Les produits du sol ne suffisent pas à donner la prospérité à un pays, il faut le commerce et l’industrie, chez les noirs comme chez nous. Partout où à côté de l’agriculture l’homme s’occupe aussi de commerce et d’industrie, le pays est prospère et se développe. Nous en avons deux exemples frappants dans le Soudan : le Mandé Dioula y prospère et le Peul y périclite.
Naba Sanom crie si souvent par-dessus tous les toits qu’il commande à 333 naba et à plus de 10000 chevaux, qu’il finit par en être persuadé lui-même. La réalité est que Waghadougou est la plus grande agglomération du Mossi (5000 habitants au maximum, et les autres centres, Mani, Yako, Boussomo, Sakhaboutenga, Pisséla, Koupéla, Ganzourgou, ont au maximum 3000 habitants). Dans la majeure partie des autres villages, le chiffre de la population varie entre 50 et 500 habitants, ce qui est déjà fort beau pour un pays nègre. D’après mes calculs, cela donne en moyenne une densité de population de 15 à 20 habitants par kilomètre carré. Ses 333 naba, à part ceux des grands centres que je cite, sont de simples chefs de village, dont beaucoup n’ont même pas un cheval à monter. Quant aux 2000 chevaux par-ci et 2000 chevaux par-là, j’ai dit plus haut ce que j’en pensais. Comme situation extérieure, le Mossi a été longtemps à l’abri des incursions de ses puissants voisins, grâce à une ceinture de peuples inférieurs et en retard qui constituaient autour de lui une sorte de rempart. Cette situation ne peut se prolonger longtemps : Naba Sanom est un homme de trop peu d’esprit, trop faible et trop mal conseillé pour perpétuer une série d’années de paix qui, mises à profit, auraient pu apporter quelque aisance à son pays.

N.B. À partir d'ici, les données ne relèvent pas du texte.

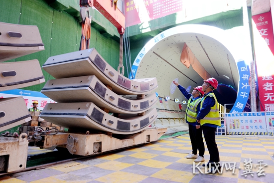 施工人员检查吊运地铁管片。长城网·冀云客户端记者 武海笑 摄

A son avènement, Naba Sanom a été forcé de gouverner le Mossi avec un despotisme sans bornes. De crainte de perdre le pouvoir il s’est laissé entraîner à prendre des mesures trop excessives, qu’il a été forcé de réduire. Quand ses grands vassaux ont vu cela, ils ont pris ces concessions pour de la crainte et ont commencé à travailler sourdement contre lui. Aujourd’hui les naba de Mani, de Boussomo, de Yako et de Koupéla sont des forces avec lesquelles Naba Sanom devra compter.
Avant peu, l’empire du Mossi se désagrégera, le pays s’organisera en confédérations à l’instar du Bélédougou et du Yatenga.
C’est du reste un événement que nous, Européens, ne pouvons voir que d’un bon œil. L’expérience nous a montré que dès qu’un chef nègre commande à plus de 20000 âmes, il rêve un empire, ses besoins augmentent, il cherche l’extension. Comme il n’a point de budget, tout est déficit, et pour le combler il lui faut faire la chasse à l’esclave. En confédération, les chefs arrivent moins rapidement. Dès qu’il y en a un qui s’élève, les autres confédérations peuvent s’allier et étouffer son ambition dans le germe. C’est le seul moyen de faire régner la prospérité.
Une des grandes fautes que Naba Sanom vient de commettre, c’est d’avoir fermé les yeux sur les agissements de Gandiari, qui lui créera plus tard de sérieux embarras.
Ce Songhay a quitté il y a six ans le Zamberma pour passer le Niger à Say et recruter d’autres Songhay sur la rive gauche du fleuve, dans les régions désignées sur les cartes « Songhay indépendants ». Il se promettait d’expéditionner chez les Bimba, dans le Boussangsi ou chez tout autre peuple, suivant que l’occasion s’en présenterait.
Pour ne pas éveiller les soupçons et éviter de se faire fermer le pays, il ne prit que quelques compagnons de route et marcha pendant quelque temps à l’aventure, lorsque, sachant que le Mampourga Naba se préparait à châtier des villages du Gourounsi, entre autres Pou ou Poukha, Gandiari se dirigea à cheval sur Gambakha.
Il voyageait avec un ami nommé Alfa Hainou et n’était suivi qu’à plusieurs jours de marche par ses compagnons dévoués.
Mais en arrivant il apprit que le parti musulman, craignant sans doute que la guerre ne fît naître des difficultés encore plus grandes dans les transactions futures avec le Gourounsi, faisait tout son possible pour éviter une prise d’armes. Le Mampourga Naba s’était laissé d’autant plus persuader, que sans l’appui des musulmans de Gambakha et de Oual-Oualé il ne pouvait rien faire, ses forces n’étant pas assez nombreuses. Et enfin, raison majeure, cette guerre ne lui disait plus grand’chose, les musulmans, et par conséquent Dieu, ne lui prêtant plus d’appui.